焼尻島、天売島の観光 - 2016.07.25 Mon

7日25日、晴れ。

 羽幌の道の駅で目覚めたとき、空は真っ青に澄み渡っていた。
 本日は焼尻(やぎしり)島ならびに天売(てうり)島へ、8時ちょうどの船で渡ることになっているので、この絶好の観光日和に大いに喜ぶ。
 7時前にフェリー乗場にいくと、3、4人の乗船客が待っていたが、窓口は開いていない。7時30分から開くらしい。
 両島についての知識は全く持ち合わせていなかったので、窓口が開くのを待っているうちに情報収集を行う。
 焼尻島は島内を観光タクシーで一周するのが一般的であるらしい。また、天売島は島内を回る観光バスと、島を海から一回りして観光する2種類があることが分かった。
 取り敢えず、焼尻島から先に回ることに決め、フェリーの切符を買うことにする。両方の島へ行って帰るのだから往復切符を買おうとするが、これはなく、その都度3回に分けて、切符を買わなければならないとのことだった。
 面倒なことだと思いながら、不承不承、羽幌~焼尻間の切符を買う。
 何故、往復切符がないかは、ここのフェリーに何回も乗るうちに理解できた。
 ここの航路には、普通のフェリーと高速船が交互に出ている。客が、これらに乗船するわけだが、フェリーに乗るか、高速船に乗るかは、その時間になってみなくては分からず、混乱が生じることを回避するために、このようなことにしているらしい。
 8時発は高速船で羽幌から焼尻までは35分かかったが、これが仮にフェリーだとすると1時間を要する。ちなみに、料金は前者が1950円で、後者が1700円である。
 乗船時に羽幌港の観光案内所を通じて焼尻島内の観光タクシーを予約しておいたので、到着するとタクシーが待っていた。2人だけで1台のタクシーに乗るものと思っていたら、何とジャンボタクシーに7、8人が相乗りするシステムだった。これで料金は1人1400円。高いのか、安いのかは考えさせられるところだ。いずれにしても、運転手にとっては美味しいシステムである。
 島内の観光場所は『オンコの荘』と『めん羊牧場』で、前者はオンコあるいはイチイ (一位) と呼ばれる樹木の自然林で、後者はサフォーク種の羊の牧場である。
 しかし、オンコの荘というのは、ただ単にイチイの木が生えているだけの場所で、これを何もありがたがって見るようなところでもない。また、めん羊牧場も牧場内に入るのではなく、高速で走る車の中から眺めるだけというものである。

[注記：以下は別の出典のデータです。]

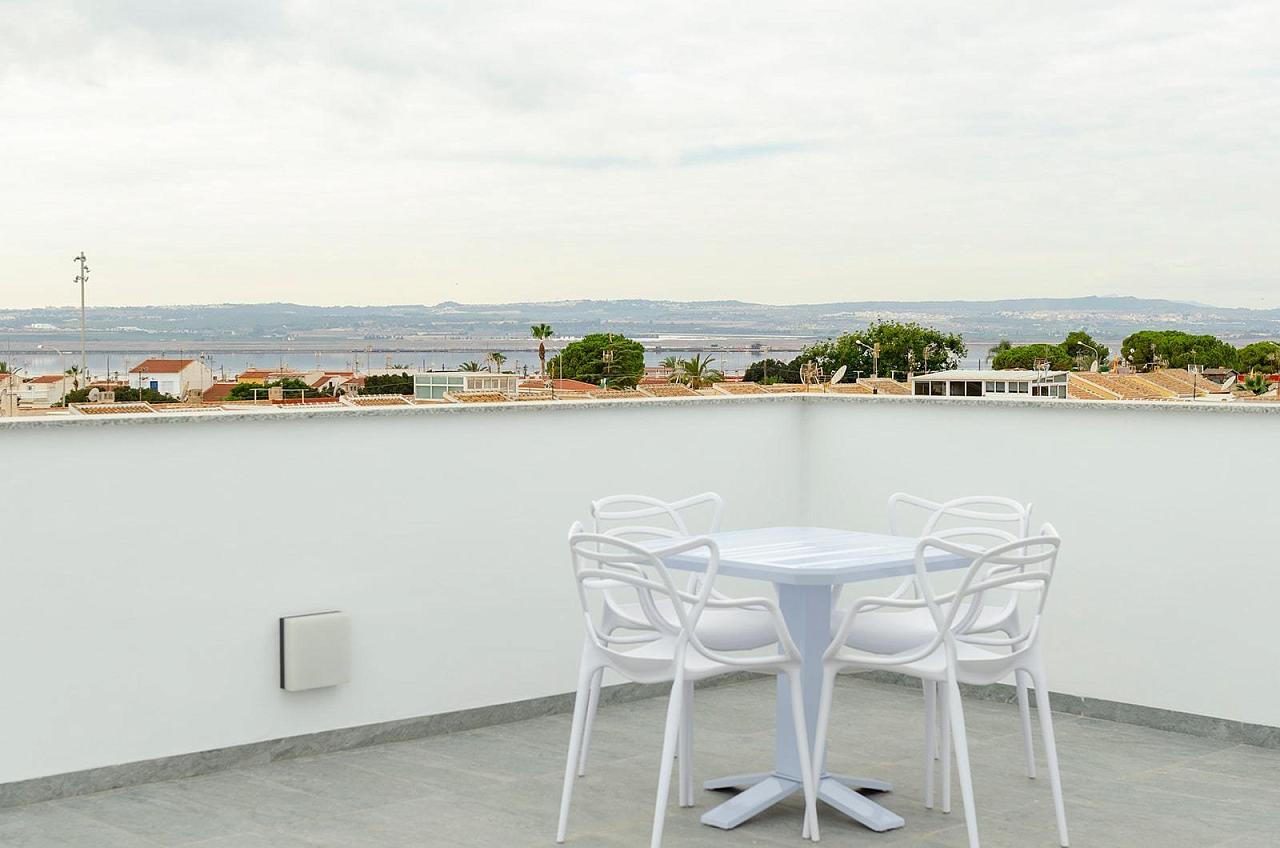 NEW BUILD VILLAS IN TORREVIEJA New Build villas in Torreta, Torrevieja. Beautiful New Build villas build over 2 floor with 3 bedrooms, 3 bathrooms, open plan kitchen with lounge area, fitted wardrobes, terrace and private solarium in some units. Villa comming with garden with private pool and parking space on the plot. Torrevieja is a Spanish town in the province of Alicante, on the Costa Blanca. It is known for its typically Mediterranean climate and coastline. It has boardwalks with resorts along its sandy beaches. The small Museum of the Sea and Salt houses exhibitions on the fishing and salt history of the city. In the interior, the Lagunas de La Mata-Torrevieja Natural Park has trails and two salty lagoons, one pink and the other green. Alicante airport located 40 minutes away and Murcia airport about 1 hour away. 271

 つまるところ、この島には観光の材料となるものは何もないところを、さもあるかのように装っているだけであった。
 次に向かったのは、隣の島の天売島。両島の間で最も狭い海峡の幅は4Kmとのこと。だが、船はグルッと大きく回り込んで25分もかけて天売島に着く。
 ここでは島を船で一周する『漁船クルーズ』を楽しむことを予定していたが、これが午後からでないと出ないということで時間が余ってしまった。このため、直ぐに出発するという観光バスでの島内一周にも参加する。
 マイクロバスにでも乗せられると思っていたが、バスの前に行って驚いた。45名乗りの大型バスだった。このバスがいっぱいになるはずがないと思いきや、乗り込むと既に座席の大半は埋まっていたので、総勢は40名内外だったようだ。
 このバスは、『5名以上で運行する』とパンフレットには書かれていたが、そうではなかったようである。始発便で渡った人は、バスが出ないので1時間以上も待たされたとのことだ。運行会社としては、乗客をまとめてバスを出せば効率が良い、えげつなくいえば儲かるので、このようにしていることは容易に想像が付く。焼尻島のタクシーにしろ、ここのバスの運行にしろ、やりたい放題といったところである。これが離島の強みとでもいうのだろうか。
 このバスは、運転手がガイドを務めて島内各所を回って行くが、これによると、この島は多くの野鳥が見られることで有名で、島の売りも野鳥一色であった。
 この中でも最も有名な鳥は、オロロンチヨウといってペンギンに似た鳥らしいが、ほぼ絶滅状態にあり、見るのは簡単ではないとのことだ。ちなみに、今年、確認できたのは40羽に満たなかったとの由。
 次は、ウトウという鳥らしい。この鳥は、この島で卵を生み、ヒナを育てるが、ヒナが育つと洋上の生活に戻るとのことで、8月に入った頃には1羽もいなくなるらしい。7月下旬のこの日には残っている数も少ない上、日中は餌を取るために海に出かけていて空振りに終わる。
 その他には、ケイマフリという鳥もいるらしいが、お目にかかることは叶わなかった。
 このような状態で、耳学問はできたが、実際に自分の目で見て確かめることはできず、バスでの島内観光は消化不良ぎみで終わり、漁船クルーズに最後の望みを託すことになった。
 しかし、これも鳥がいないのではいたしかたなく、当然、得るものは何もなかった。
 こうして最終フェリーで羽幌港に帰ったが、徒労感に加えて身体的疲労も大きかった。これでは、これらの島々に行ったというアリバイ作りのために渡ったようなものであり、支払った代償の方が大きかった。
 港に帰り、さて本日の宿である。最も近いのは、当然、羽幌の道の駅だが、ここは食後の洗い物ができないという欠点がある。このため、明日の行動を考えるといい場所とは言えないが、1つ北側の初山別の道の駅まで戻ることにする。
 本日の走行距離は26Km。累積走行距離は5069Kmになった。